Re: Text::CSV::Simple parsing issue
by jZed (Prior) on Jan 27, 2005 at 19:45 UTC
    First, since what you're doing looks suspiciously like database operations, might you be better off using DBD::CSV? It uses the same CSV engine as Text::CSV::Simple but provides a database interface for dealing with the data.

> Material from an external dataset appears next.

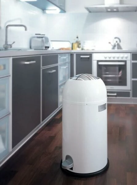 Basierend auf der amerikanischen Idee „großes Volumen – große Einwurfklappe” wurden Korpus und halbrunde Haube des Abfallsammlers Kickmaster so aufeinander abgestimmt, dass die Proportionen perfekt zueinander passen, ergänzt um eine große und technisch stabile Einwurfklappe aus Edelstahl mit Tretmechanik sowie stabile Griffe.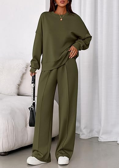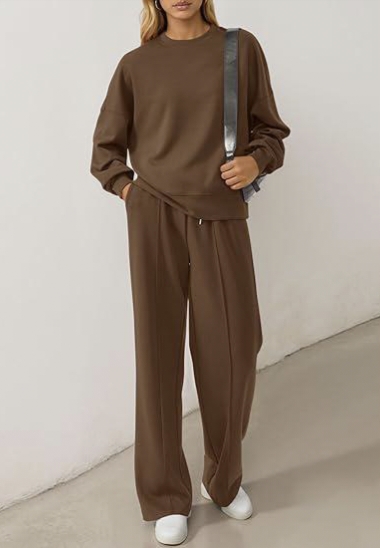 Fashion Features: Crew neck sweatshirt, loose-fitting sweatpants, casual knit set.

    Second, I'd concur with the other posters who point out that the data you have can't really be parsed as CSV directly, but needs to be munged first. Your best bet is to get whoever outputs the data to properly escape the embedded quotes by doubling them or putting backslash or some other escape character in front of them. If you can't get that to happen, you'll need to munge the data to put those escapes in first. Whether it's even possible to munge the data with one of the supplied regexen depends on the complexity of your data. For example, it's quite possible to have both commas and quotes embedded in a field so this is a valid CSV record of three fields:

    "a",",foo,""bar"",""baz"",","b"
    If that occurs without the escapes, it will look like this:
    "a",",foo,"bar","baz",","b"
    And I doubt there's a regex that could figure out which commas are separators and which quotes are delimiters from that.
Re: Text::CSV::Simple parsing issue
by borisz (Canon) on Jan 27, 2005 at 18:19 UTC
    A primitive, but maybe working solution is this filter:
    perl -pe 's/(?<!,)"(?!,)/""/g' <in.csv >out.csv
    try it, good luck.
    Boris
      s/(?<!,)"(?![,"])/""/g

      You don't want to screw up the doubled double-quotes that are already correctly done.

      Being right, does not endow the right to be rude; politeness costs nothing.
      Being unknowing, is not the same as being stupid.
      Expressing a contrary opinion, whether to the individual or the group, is more often a sign of deeper thought than of cantankerous belligerence.
      Do not mistake your goals as the only goals; your opinion as the only opinion; your confidence as correctness. Saying you know better is not the same as explaining you know better.

Re: Text::CSV::Simple parsing issue
by BUU (Prior) on Jan 27, 2005 at 19:07 UTC
    Hrm. What about:
    s/(?<!,)"(?!,)/\\"/g;
    Which works at long as there are no spaces between the comma and the starting/ending quotes, since you can't add a variable length negative look behind, you'll just have to add spaces if necessary.